Completely new to snakemake, so bear with me. I've spent a considerable amount of time to search for a similar question without any luck.
I want to create a rule to copy certain files to a new directory from a folder containing all the files.
The filenames for the files I want to copy are listed in a text file (one filename per line).
I've written a small bash script using cat
and xargs
to copy the filenames listed in the text file to the target directory. This script works fine!
How do I tell snakemake that my output should be the target directory + filenames listed in the text file?
Ok, so my initial thought was to create a list inside the snakefile containing all target paths for the files that should be copied.
I made this hot garbage of a mess (also completely new to python):
import glob
all_files = glob.glob("path/to/all/files", recursive = False)
file = open("path/to/file/list_of_files.txt", "r")
file_lines = file.readlines()
path_to_target_dir = "some/path/"
path_lines = [path_to_target_dir + str(x) for x in file_lines]
# for some reason path_lines end with line break after each filename. not good.
# remove line break to yield correct paths + filenames
list_of_correct_paths = []
for element in path_lines:
list_of_correct_paths.append(element.strip())
This yields a list with all paths to where I want to copy the files.
rule cp_files_to_target_dir:
input:
cp_from = expand("path/to/all/files/{id}", id = all_files),
list = "list_of_files.txt",
script = "bash_script.sh"
output:
cp_to = expand("{path}", path = list_of_correct_paths)
shell:
"{input.script}"
However, snakemake states that I'm missing input files for the rule.

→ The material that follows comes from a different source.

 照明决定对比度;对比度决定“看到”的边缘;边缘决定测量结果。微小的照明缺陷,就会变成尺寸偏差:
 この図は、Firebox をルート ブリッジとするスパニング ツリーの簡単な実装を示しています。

I hope my question makes sense. I appreciate any help I can get.
EDIT: this works now
import os
# filenames for all files
files = os.listdir("/path/to/all/files")
# create paths to files of interest from text file
text_file = open("path/to/text_file.txt", "r")

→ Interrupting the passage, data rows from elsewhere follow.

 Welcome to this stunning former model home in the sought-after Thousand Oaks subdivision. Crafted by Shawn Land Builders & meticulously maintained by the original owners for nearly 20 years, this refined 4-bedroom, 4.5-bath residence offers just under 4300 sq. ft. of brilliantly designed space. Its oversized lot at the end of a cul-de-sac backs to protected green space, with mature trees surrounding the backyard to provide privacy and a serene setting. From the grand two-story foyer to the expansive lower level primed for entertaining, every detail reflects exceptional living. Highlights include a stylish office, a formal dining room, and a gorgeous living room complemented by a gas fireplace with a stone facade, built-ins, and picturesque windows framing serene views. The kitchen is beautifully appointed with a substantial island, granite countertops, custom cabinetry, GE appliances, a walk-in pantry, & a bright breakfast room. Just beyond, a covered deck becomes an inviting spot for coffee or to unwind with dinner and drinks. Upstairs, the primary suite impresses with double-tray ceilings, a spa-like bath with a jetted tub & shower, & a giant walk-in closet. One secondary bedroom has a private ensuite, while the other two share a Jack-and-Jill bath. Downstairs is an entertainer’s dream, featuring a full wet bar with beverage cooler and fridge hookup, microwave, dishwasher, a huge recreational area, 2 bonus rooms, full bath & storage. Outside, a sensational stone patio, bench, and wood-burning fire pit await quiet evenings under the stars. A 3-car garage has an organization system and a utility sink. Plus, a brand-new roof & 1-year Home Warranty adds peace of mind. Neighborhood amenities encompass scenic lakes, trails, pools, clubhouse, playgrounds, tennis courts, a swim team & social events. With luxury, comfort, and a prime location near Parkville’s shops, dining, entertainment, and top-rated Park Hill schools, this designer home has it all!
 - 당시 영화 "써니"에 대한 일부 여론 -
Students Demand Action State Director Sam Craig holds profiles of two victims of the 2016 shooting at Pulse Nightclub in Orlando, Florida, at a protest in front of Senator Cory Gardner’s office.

list_files = text_file.read().splitlines()
target_path = "path/to/target/dir"
target_file_paths = [target_path + str(x) for x in list_files]
This yields a list with all paths to where I want to copy the files.

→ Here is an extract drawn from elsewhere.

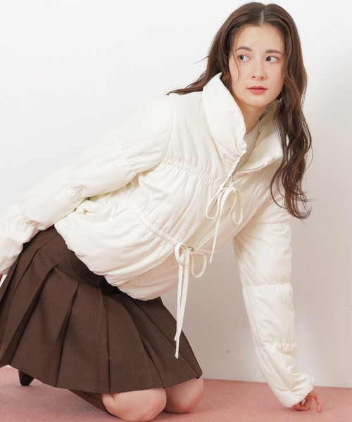 防寒性とデザイン性を兼ね備えた、冬のおしゃれアウターとして活躍してくれるブルゾン中綿入りで暖かさをしっかりキープしつつ、フロントリボンでガーリーなアクセントを加えたデザインです。コンパクトな丈感なのでスカートやワンピースとも相性バツグン。ウエストのリボンは調整できます。※撮影時照明の関係により、色味が違って見える場合がございます。またパソコン・スマートフォンなどの環境により、若干製品と画像のカラーが異なる場合もございます。予めご了承ください。商品の色味は、商品単品画像をご参照下さい。※商品画像はサンプルのため、色味やサイズ等の仕様に変更がある場合がございますので、予めご了承ください。◆お買い物をよりお楽しみいただくために◆・「商品のお気に入り登録」で完売カラーの再入荷やラスト1点、セール通知を受け取ることができます。・「ブランドのお気に入り登録」で新商品の入荷情報など、いち早く受け取ることができます。

rule cp_files_to_target_dir:
input:
cp_from = expand("path/to/all/files/{id}", id = list_files),
list = "text_file.txt",
script = "bash_script.sh"
output:
cp_to = expand("{path}", path = target_file_paths)
shell:
"{input.script}"
However, snakemake states that I'm missing input files for the rule.
Probably variable cp_from
in rule cp_files_to_target_dir
does not contain the correct paths. To debug, I would suggest moving it outside the rule and print it to see what it contains. E.g.
cp_from = expand("path/to/all/files/{id}", id = all_files),
cp_to = expand("{path}", path = list_of_correct_paths)
# To debug:
print(cp_from) # Check these are what you expect
print(cp_to)
rule cp_files_to_target_dir:
input:
cp_from = cp_from,
list = "list_of_files.txt",
script = "bash_script.sh"
output:
cp_to = cp_to,
shell:
"{input.script}"
In general, I think your script could be tidied up a bit but I cannot be more specific without more context.